**** INPUT DATA ****

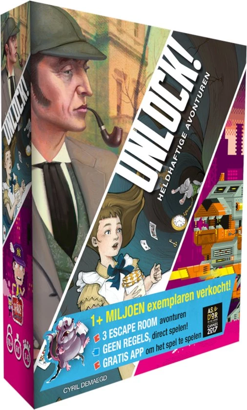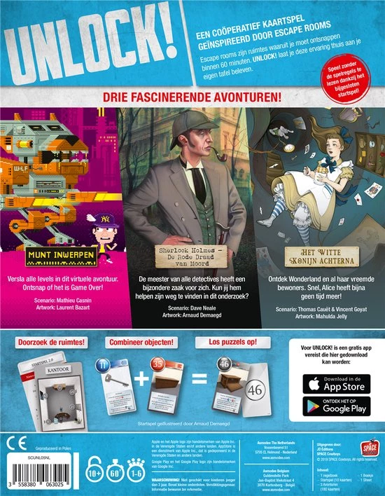 Unlock is een coƶperatief kaartspel geĆÆnspireerd door escape rooms; ruimtes waaruit je moet ontsnappen binnen 60 minuten. Unlock! laat je deze ervaring nu thuis aan je eigen tafel beleven met 3 scenario’s (60 kaarten per scenario) en een gratis app die je door de 3 scenario’s leidt. Doorzoek de ruimtes, combineer voorwerpen en los alle puzzels op voordat de tijd op is!
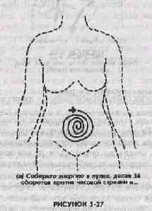 Обеспечьте, чтобы язык прикасался к нёбу (к поверхности позади передних зубов), так чтобы теплая энергия яичников могла течь вниз к третьему глазу, к внутренним пазухам носа и через язык вниз к горлу и к сердечному центру (рис.5-26). Некоторое время удерживайте энергию в сердечном центре, наполняя его до тех пор, пока оно ощущается открытым; наслаждайтесь ощущением любви, радости и покоя; затем ведите энергию дальше к солнечному сплетению и пупку. Собирайте сексуальную энергию в пупке, где она может безопасно храниться. з. Собирание сексуальной энергии яичников в пупке Очень важно закончить этот процесс накоплением энергии в пупке. Многие вредные эффекты этой практики вызваны избыточным накоплением энергии в голове или в сердце. Пупок может безопасно справиться со все возрастающими количествами энергии, вырабатываемой яичниками. (1) ЗАКРУЧИВАНИЕ ЭНЕРГИИ СПИРАЛЬЮ ВОКРУГ ПУПОЧНОГО ЦЕНТРА Чтобы собрать энергию яичников, сконцентрируйте внимание на области пупка, расположенной в теле на глубине около полутора дюймов. Используйте ум, глаза и другие органы чувств, чтобы мысленно вводить энергию в эту область и выводить ее из нее, закручивая энергию спиралью вокруг пупка и делая при этом 36 оборотов. Не организовывайте спирали вокруг грудной диафрагмы или вокруг лобковой кости. Начинайте раскручивать спираль против часовой стрелки (рис. 5-27(а)). Затем измените направление закручивания спирали и приведите энергию обратно в пупок, делая почасовой стрелке 24 оборота (рис. 5-27(6)). Первые несколько раз используйте в качестве направляющей свой собственный палец. Теперь энергия надежно и безопасно хранится в вашем пупке, доступная для использования каждый раз, когда ваше тело нуждается в ней.
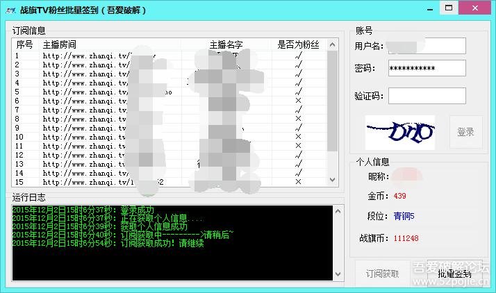 【戰(zhàn)旗TV粉絲批量簽到軟件使用說明】
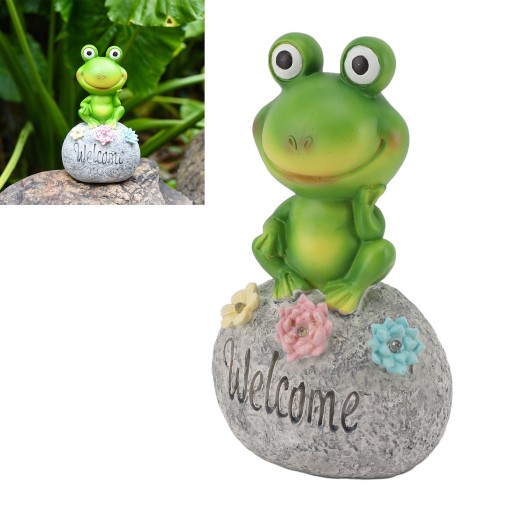 Posąg żaby z lampkami słonecznymi Żywica Wystrój ogrodu na zewnątrz Figurka żaby na patio Podwórko Trawnik Ozdoba basenowa Prezent na parapetówkę

****

Would you copy out every line of the data above exactly, minus the pictures?

 Unlock is een coƶperatief kaartspel geĆÆnspireerd door escape rooms; ruimtes waaruit je moet ontsnappen binnen 60 minuten. Unlock! laat je deze ervaring nu thuis aan je eigen tafel beleven met 3 scenario’s (60 kaarten per scenario) en een gratis app die je door de 3 scenario’s leidt. Doorzoek de ruimtes, combineer voorwerpen en los alle puzzels op voordat de tijd op is!
 Обеспечьте, чтобы язык прикасался к нёбу (к поверхности позади передних зубов), так чтобы теплая энергия яичников могла течь вниз к третьему глазу, к внутренним пазухам носа и через язык вниз к горлу и к сердечному центру (рис.5-26). Некоторое время удерживайте энергию в сердечном центре, наполняя его до тех пор, пока оно ощущается открытым; наслаждайтесь ощущением любви, радости и покоя; затем ведите энергию дальше к солнечному сплетению и пупку. Собирайте сексуальную энергию в пупке, где она может безопасно храниться. з. Собирание сексуальной энергии яичников в пупке Очень важно закончить этот процесс накоплением энергии в пупке. Многие вредные эффекты этой практики вызваны избыточным накоплением энергии в голове или в сердце. Пупок может безопасно справиться со все возрастающими количествами энергии, вырабатываемой яичниками. (1) ЗАКРУЧИВАНИЕ ЭНЕРГИИ СПИРАЛЬЮ ВОКРУГ ПУПОЧНОГО ЦЕНТРА Чтобы собрать энергию яичников, сконцентрируйте внимание на области пупка, расположенной в теле на глубине около полутора дюймов. Используйте ум, глаза и другие органы чувств, чтобы мысленно вводить энергию в эту область и выводить ее из нее, закручивая энергию спиралью вокруг пупка и делая при этом 36 оборотов. Не организовывайте спирали вокруг грудной диафрагмы или вокруг лобковой кости. Начинайте раскручивать спираль против часовой стрелки (рис. 5-27(а)). Затем измените направление закручивания спирали и приведите энергию обратно в пупок, делая почасовой стрелке 24 оборота (рис. 5-27(6)). Первые несколько раз используйте в качестве направляющей свой собственный палец. Теперь энергия надежно и безопасно хранится в вашем пупке, доступная для использования каждый раз, когда ваше тело нуждается в ней.
 【戰(zhàn)旗TV粉絲批量簽到軟件使用說明】
 Posąg żaby z lampkami słonecznymi Żywica Wystrój ogrodu na zewnątrz Figurka żaby na patio Podwórko Trawnik Ozdoba basenowa Prezent na parapetówkę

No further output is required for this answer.